Saved data entries
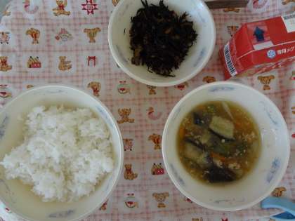 「ごはん」「牛乳」「夏野菜のあんかけごはんの具」「ひじきの煮つけ」です。
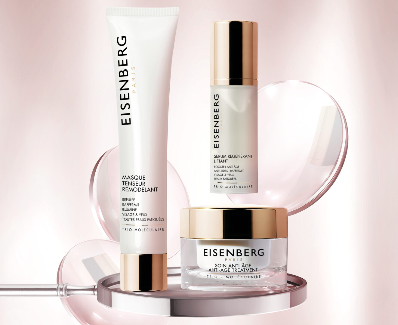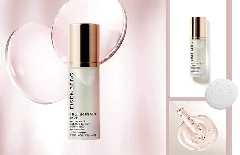 La marque de luxe française Eisenberg Paris présente trois soins pour trois actions complémentaires contre les signes du vieillissement : réduction des rides, raffermissement et hydratation intense : Masque tenseur remodelant, Sérum régénérant liftant, Soin anti-âge.
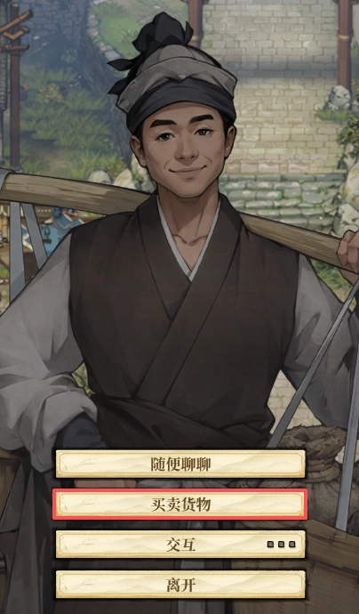 触发交互的方式为:点击货郎身旁的对话图标,待弹出菜单后,从中选择“买卖货物”这一选项。
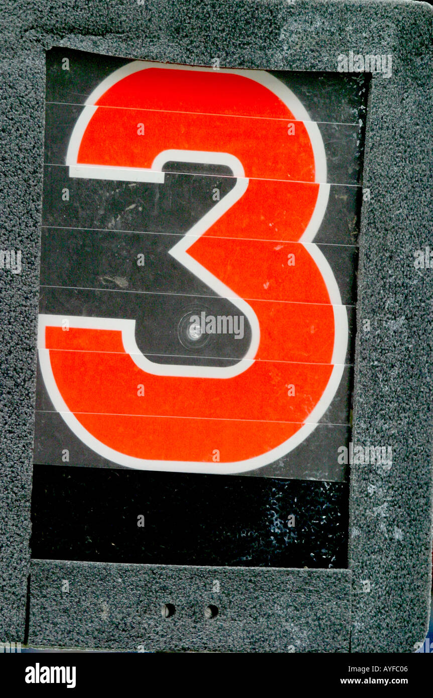 3 Three Chevron Number w colorful rainbow pattern and grey border Stock
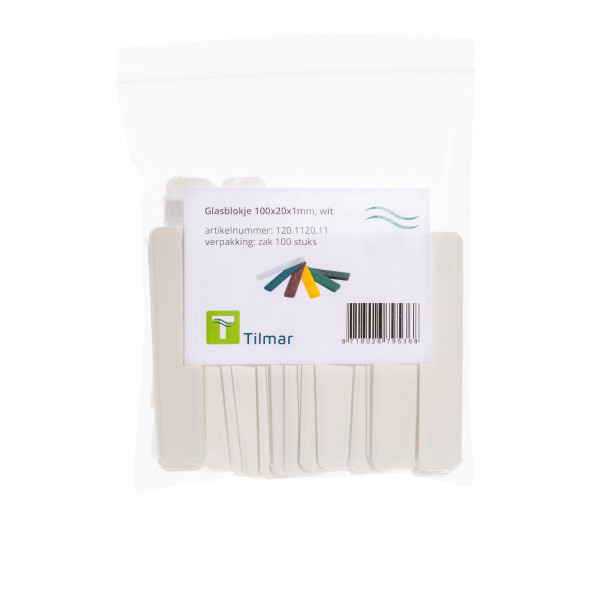 Glasblokje 100x20x1mm, wit (zak 100 stuks) - Tilmar
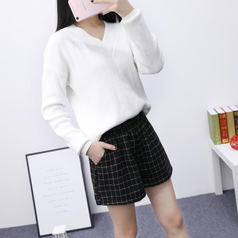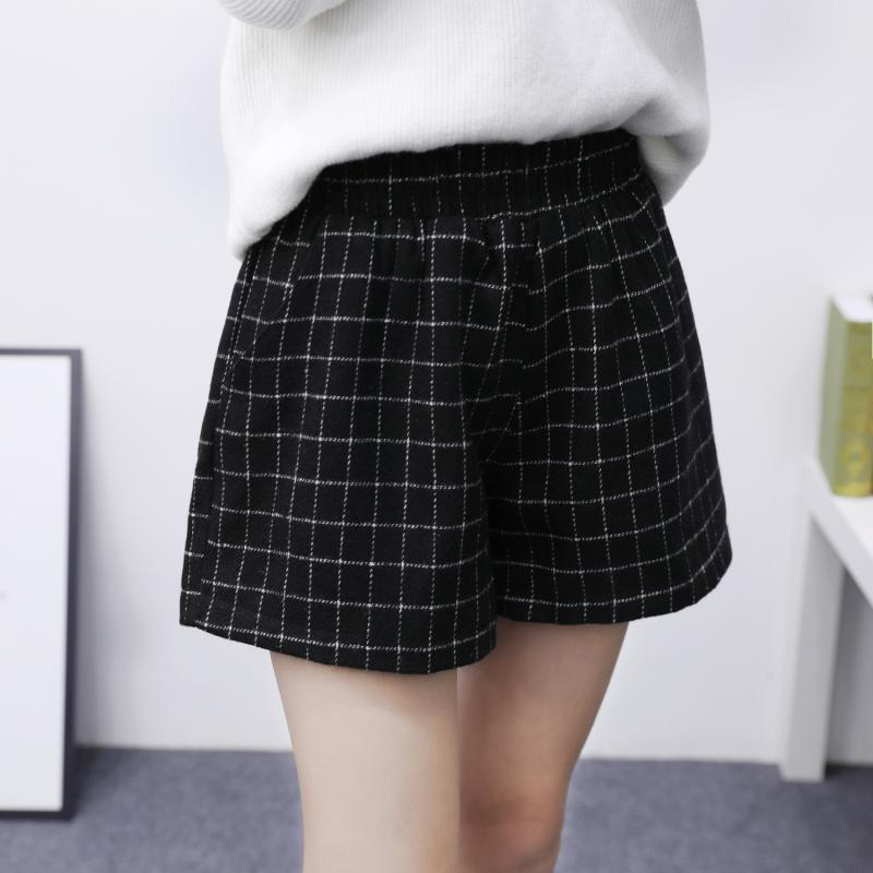 / 女裝秋冬2018新款韓版寬松高腰毛呢格子闊腿短褲學生休閑靴褲子潮
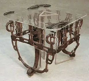 The inlaid table was thus decorated with apotropaic and magical imagery, suggesting that it may have had a ritual function. It was also a practical, portable banquet table, with four handles and a tray-shaped top. Boxwood was used for the frame and legs, juniper for the inlay, and walnut for the table top. In 1983, the table was reconstructed for display in the Museum of Anatolian Civilizations, where it could be seen assembled for the first time in 2700 years. The mount was refurbished and the display reinstalled in 1989.[8]

• _Directions for this task_: Copy out all of the entries exactly as they stand, with no pictures in your copy.

• _Task answer_:
 「ごはん」「牛乳」「夏野菜のあんかけごはんの具」「ひじきの煮つけ」です。
 La marque de luxe française Eisenberg Paris présente trois soins pour trois actions complémentaires contre les signes du vieillissement : réduction des rides, raffermissement et hydratation intense : Masque tenseur remodelant, Sérum régénérant liftant, Soin anti-âge.
 触发交互的方式为:点击货郎身旁的对话图标,待弹出菜单后,从中选择“买卖货物”这一选项。
 3 Three Chevron Number w colorful rainbow pattern and grey border Stock
 Glasblokje 100x20x1mm, wit (zak 100 stuks) - Tilmar
 / 女裝秋冬2018新款韓版寬松高腰毛呢格子闊腿短褲學生休閑靴褲子潮
 The inlaid table was thus decorated with apotropaic and magical imagery, suggesting that it may have had a ritual function. It was also a practical, portable banquet table, with four handles and a tray-shaped top. Boxwood was used for the frame and legs, juniper for the inlay, and walnut for the table top. In 1983, the table was reconstructed for display in the Museum of Anatolian Civilizations, where it could be seen assembled for the first time in 2700 years. The mount was refurbished and the display reinstalled in 1989.[8]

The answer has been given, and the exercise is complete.